[[ Supplied entries, beginning ]]
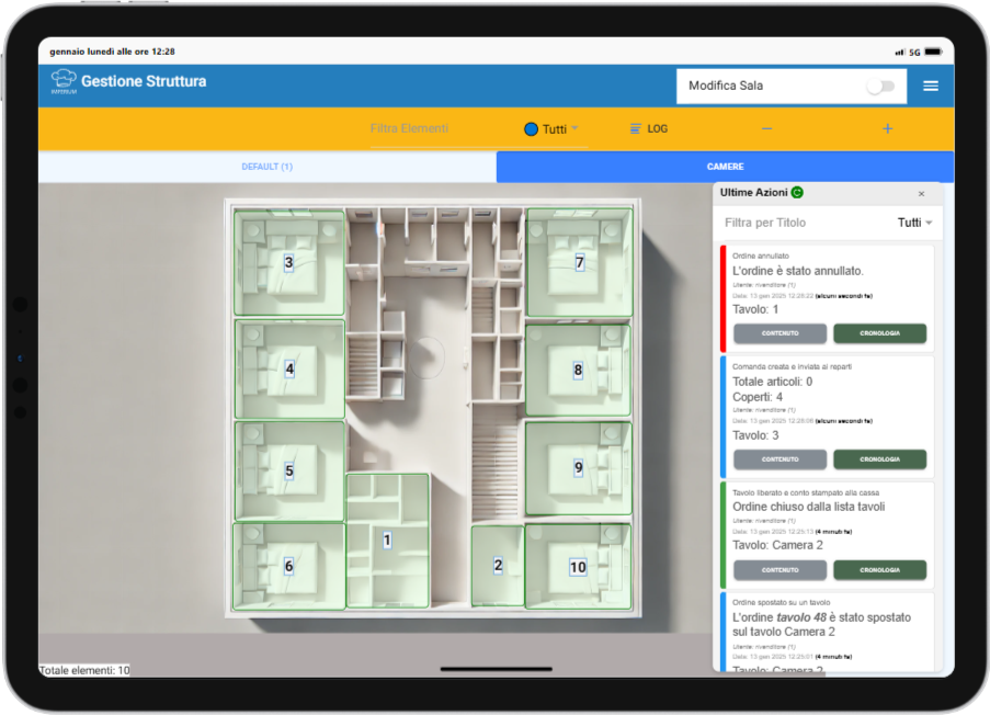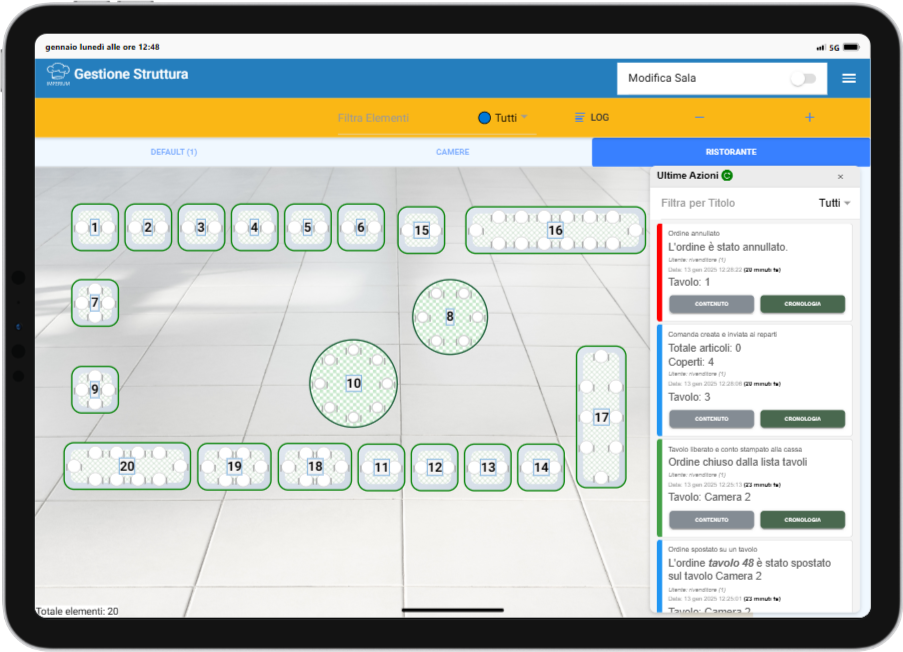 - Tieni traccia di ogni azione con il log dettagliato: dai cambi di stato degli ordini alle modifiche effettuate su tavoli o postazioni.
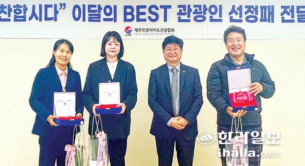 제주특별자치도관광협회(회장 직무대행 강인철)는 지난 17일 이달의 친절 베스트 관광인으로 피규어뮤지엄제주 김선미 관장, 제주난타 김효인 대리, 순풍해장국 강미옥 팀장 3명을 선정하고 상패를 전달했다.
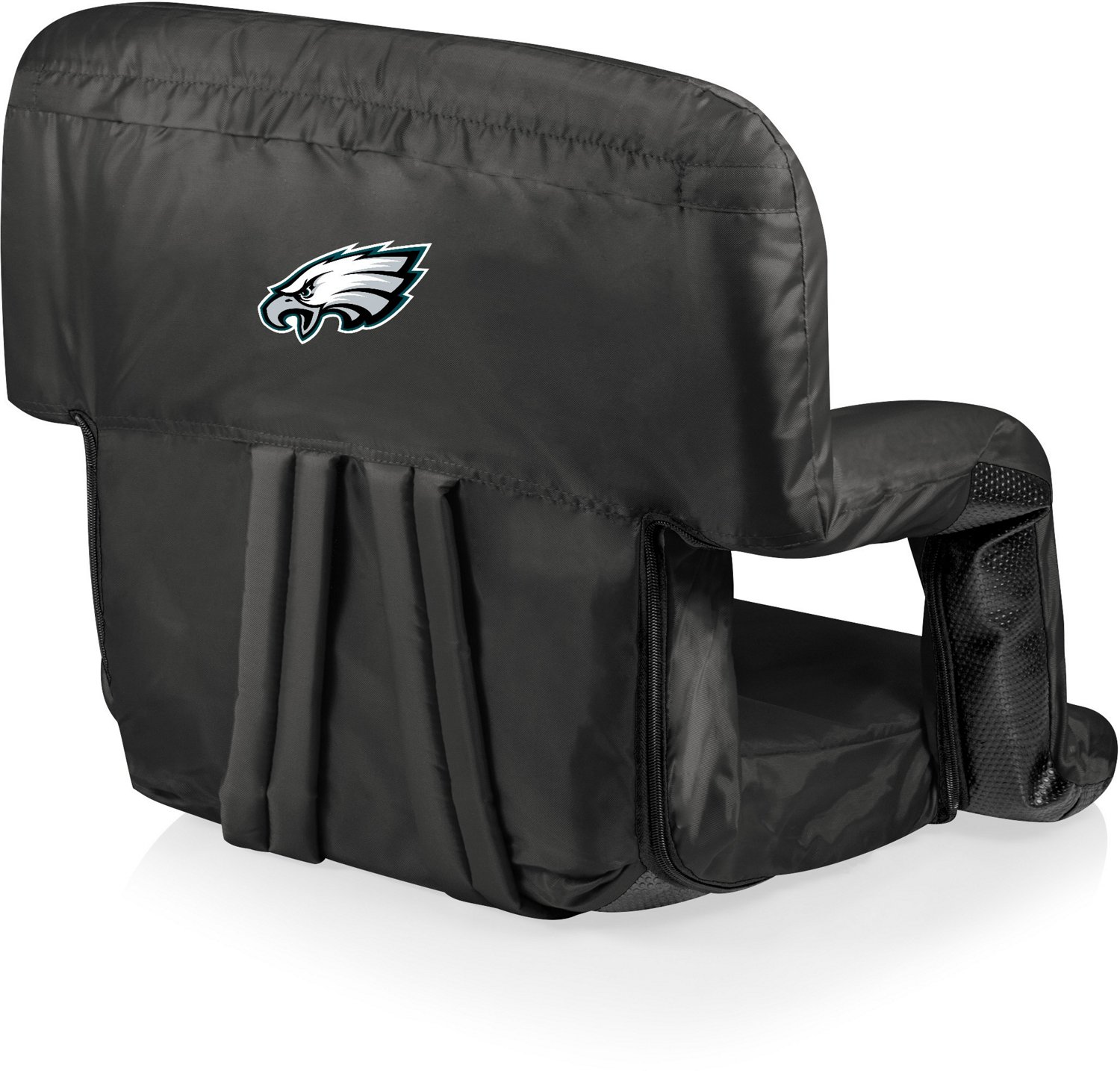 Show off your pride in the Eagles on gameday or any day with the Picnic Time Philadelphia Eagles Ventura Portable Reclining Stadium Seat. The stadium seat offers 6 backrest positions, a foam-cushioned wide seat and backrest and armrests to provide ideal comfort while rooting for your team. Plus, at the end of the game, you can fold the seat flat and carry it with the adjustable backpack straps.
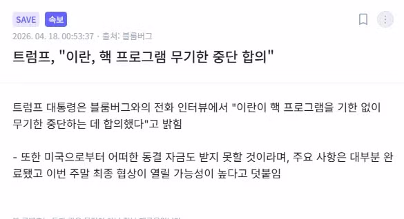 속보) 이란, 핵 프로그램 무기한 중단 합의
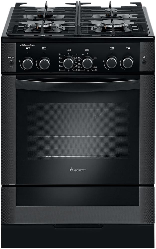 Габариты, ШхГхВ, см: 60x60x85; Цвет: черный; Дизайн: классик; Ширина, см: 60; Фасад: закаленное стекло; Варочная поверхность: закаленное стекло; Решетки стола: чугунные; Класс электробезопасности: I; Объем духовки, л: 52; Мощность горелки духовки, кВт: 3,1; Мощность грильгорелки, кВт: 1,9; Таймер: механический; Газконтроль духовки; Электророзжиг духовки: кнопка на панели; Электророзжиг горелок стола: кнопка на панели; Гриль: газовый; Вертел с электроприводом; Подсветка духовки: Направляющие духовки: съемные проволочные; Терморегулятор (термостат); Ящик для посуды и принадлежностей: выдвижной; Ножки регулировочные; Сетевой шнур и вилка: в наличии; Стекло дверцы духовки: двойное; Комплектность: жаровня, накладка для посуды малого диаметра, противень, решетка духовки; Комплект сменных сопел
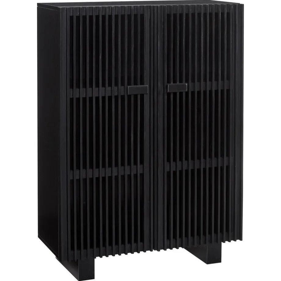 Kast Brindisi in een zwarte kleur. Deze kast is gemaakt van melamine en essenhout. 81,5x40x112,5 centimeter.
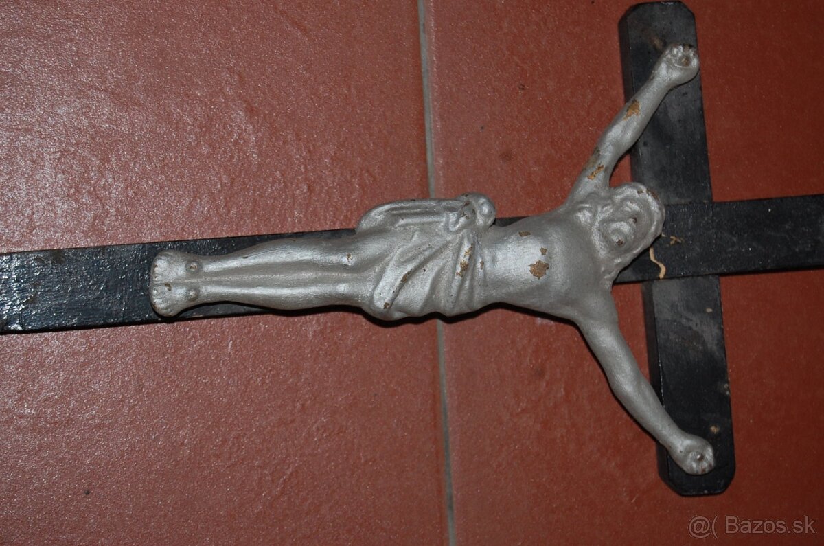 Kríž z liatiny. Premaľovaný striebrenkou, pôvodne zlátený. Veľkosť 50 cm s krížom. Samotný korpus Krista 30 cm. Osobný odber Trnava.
[[ Supplied entries, end ]]
[[ Supplied entries, beginning ]]
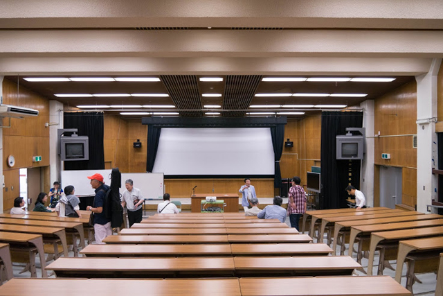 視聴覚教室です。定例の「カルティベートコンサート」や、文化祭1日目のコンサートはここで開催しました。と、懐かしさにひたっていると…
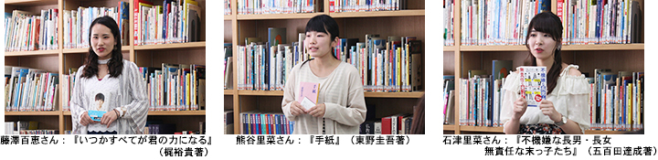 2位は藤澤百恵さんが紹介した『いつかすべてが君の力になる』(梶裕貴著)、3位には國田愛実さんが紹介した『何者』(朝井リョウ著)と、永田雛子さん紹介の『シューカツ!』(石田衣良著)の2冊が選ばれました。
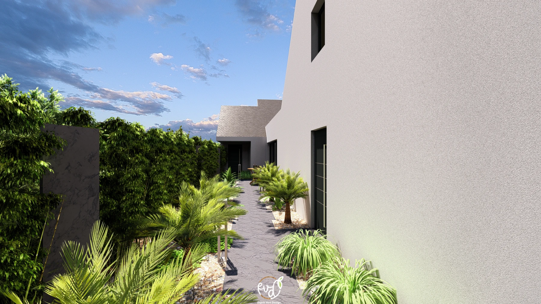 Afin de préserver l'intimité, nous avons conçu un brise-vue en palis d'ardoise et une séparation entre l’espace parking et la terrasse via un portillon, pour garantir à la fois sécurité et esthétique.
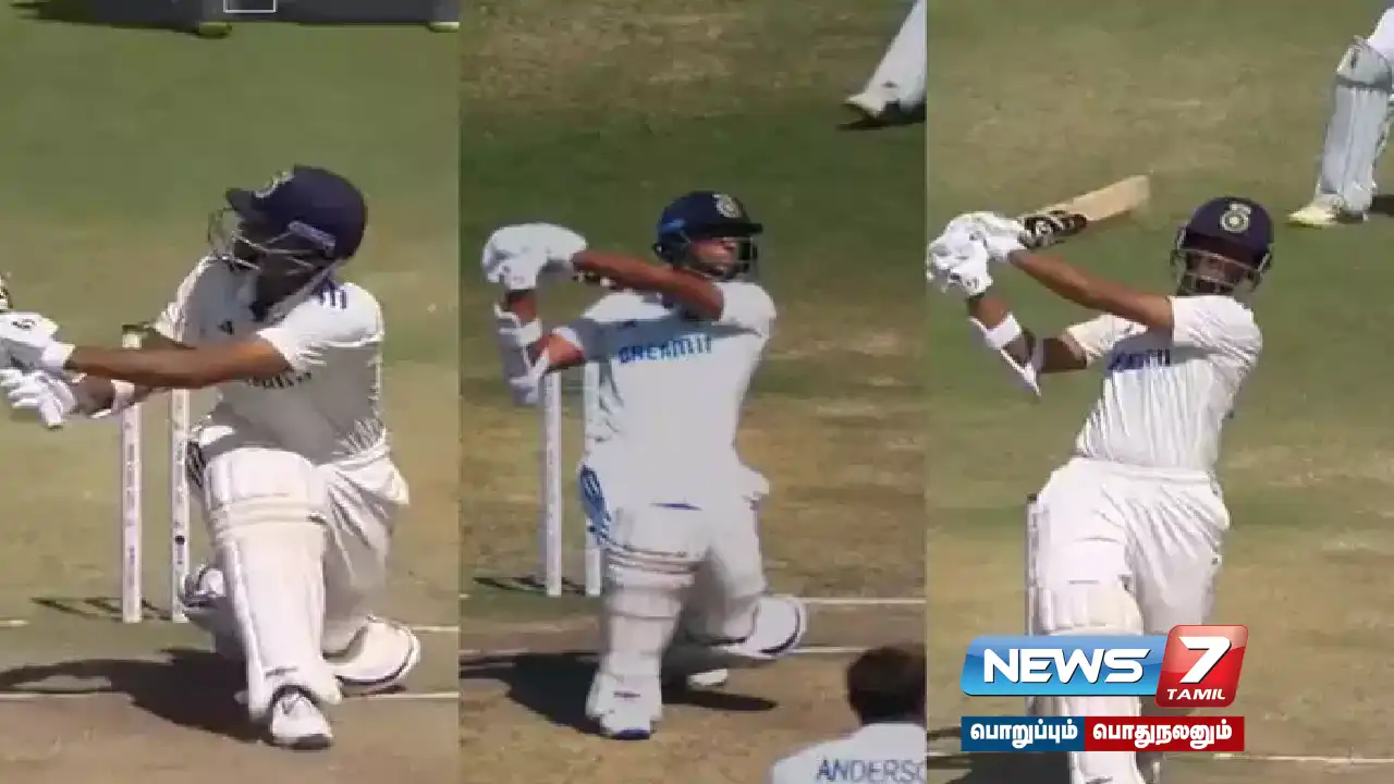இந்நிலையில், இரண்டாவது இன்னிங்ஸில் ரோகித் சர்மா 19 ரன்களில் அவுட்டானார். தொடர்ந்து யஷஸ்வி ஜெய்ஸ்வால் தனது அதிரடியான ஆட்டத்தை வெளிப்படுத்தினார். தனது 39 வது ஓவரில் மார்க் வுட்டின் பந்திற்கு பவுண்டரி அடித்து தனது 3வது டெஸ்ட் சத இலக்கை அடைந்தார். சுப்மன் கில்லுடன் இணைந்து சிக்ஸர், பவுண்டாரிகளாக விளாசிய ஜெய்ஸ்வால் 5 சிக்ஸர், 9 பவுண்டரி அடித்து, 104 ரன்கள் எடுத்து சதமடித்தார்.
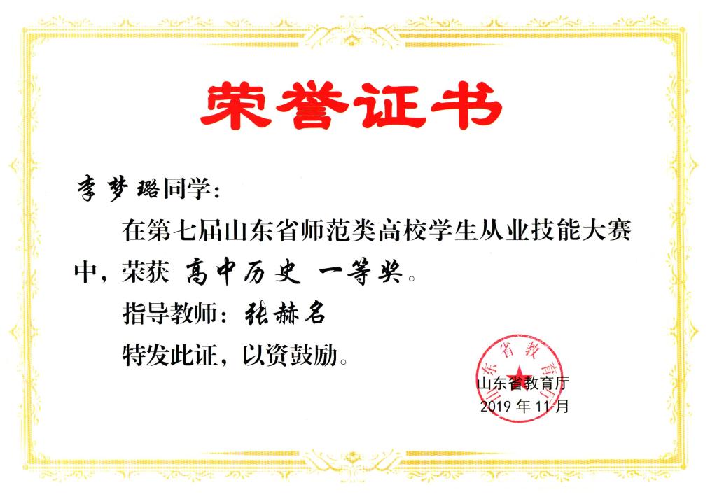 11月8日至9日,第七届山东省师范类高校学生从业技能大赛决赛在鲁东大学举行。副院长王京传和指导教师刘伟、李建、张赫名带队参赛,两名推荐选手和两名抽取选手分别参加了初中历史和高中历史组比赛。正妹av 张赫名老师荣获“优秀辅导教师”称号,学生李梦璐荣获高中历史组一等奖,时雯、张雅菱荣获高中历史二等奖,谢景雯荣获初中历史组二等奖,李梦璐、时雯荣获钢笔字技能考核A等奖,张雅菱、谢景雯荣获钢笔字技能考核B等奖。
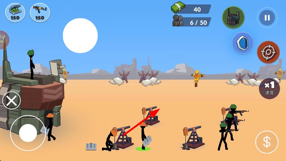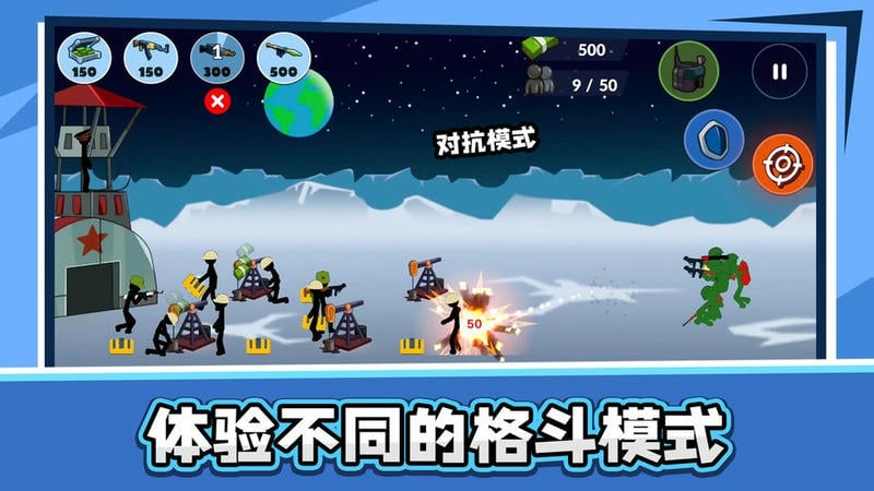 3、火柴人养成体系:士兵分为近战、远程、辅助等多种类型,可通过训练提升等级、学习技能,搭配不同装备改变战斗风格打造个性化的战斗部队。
[[ Supplied entries, end ]]
[[ Supplied entries, beginning ]]
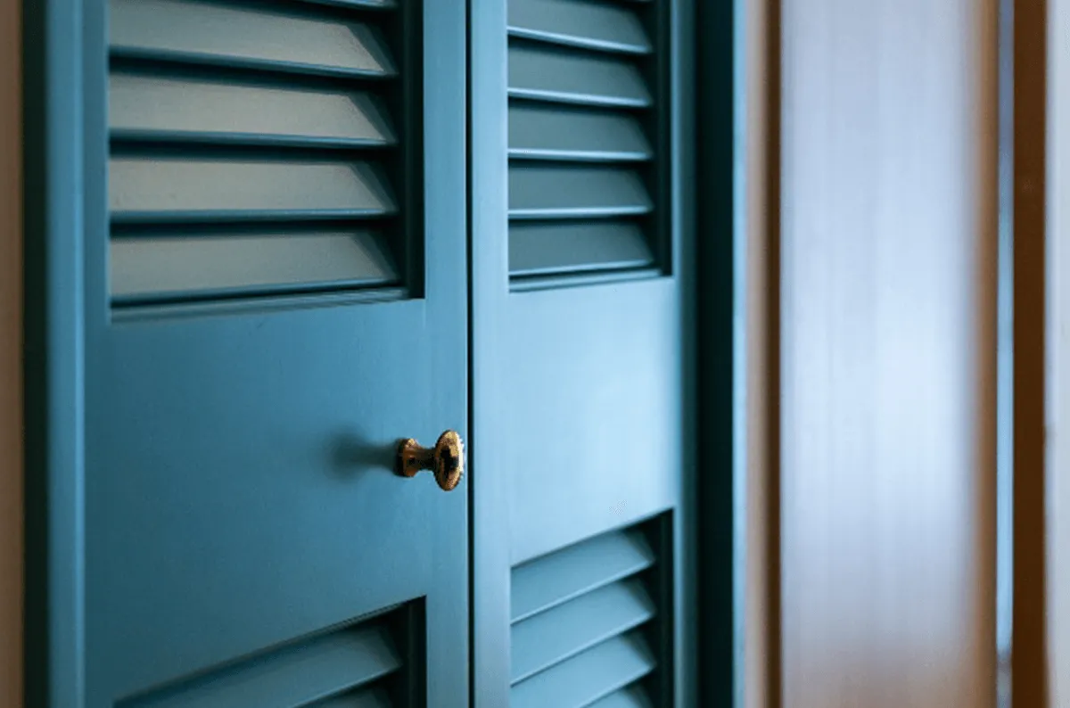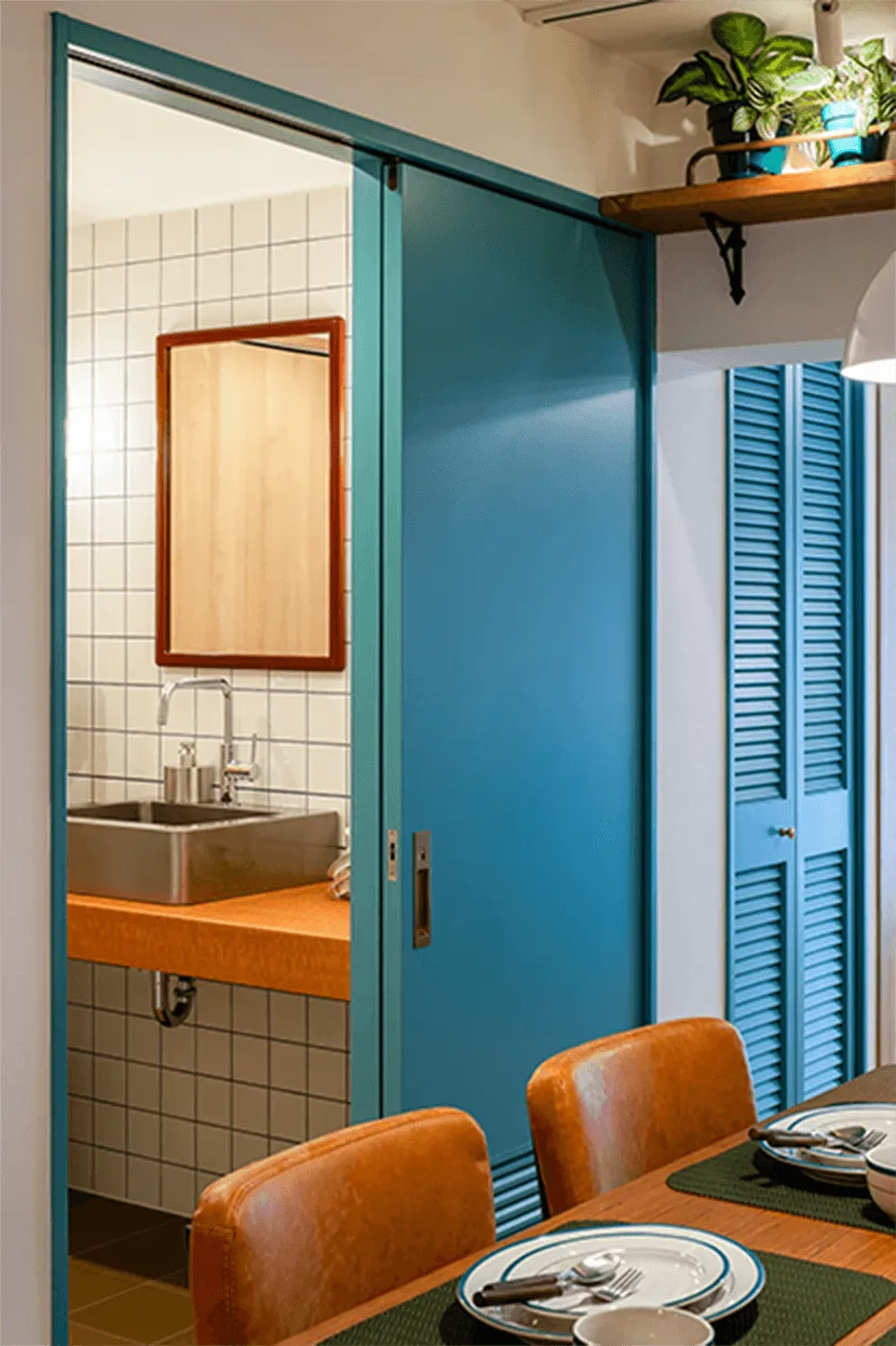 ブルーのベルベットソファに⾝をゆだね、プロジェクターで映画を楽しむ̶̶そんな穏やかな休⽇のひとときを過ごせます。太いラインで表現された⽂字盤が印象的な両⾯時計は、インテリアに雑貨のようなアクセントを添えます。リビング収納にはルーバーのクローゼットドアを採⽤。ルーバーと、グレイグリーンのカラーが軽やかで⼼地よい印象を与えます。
[[ Supplied entries, end ]]
• Assignment
Given the records above, return the lines starting at the one that holds "- Tieni traccia" and ending at the one that holds "속보) 이란, 핵 프로그램 무기한 중단 합의", exactly, and nothing besides; leave every picture out.

• Answer to this problem
 - Tieni traccia di ogni azione con il log dettagliato: dai cambi di stato degli ordini alle modifiche effettuate su tavoli o postazioni.
 제주특별자치도관광협회(회장 직무대행 강인철)는 지난 17일 이달의 친절 베스트 관광인으로 피규어뮤지엄제주 김선미 관장, 제주난타 김효인 대리, 순풍해장국 강미옥 팀장 3명을 선정하고 상패를 전달했다.
 Show off your pride in the Eagles on gameday or any day with the Picnic Time Philadelphia Eagles Ventura Portable Reclining Stadium Seat. The stadium seat offers 6 backrest positions, a foam-cushioned wide seat and backrest and armrests to provide ideal comfort while rooting for your team. Plus, at the end of the game, you can fold the seat flat and carry it with the adjustable backpack straps.
 속보) 이란, 핵 프로그램 무기한 중단 합의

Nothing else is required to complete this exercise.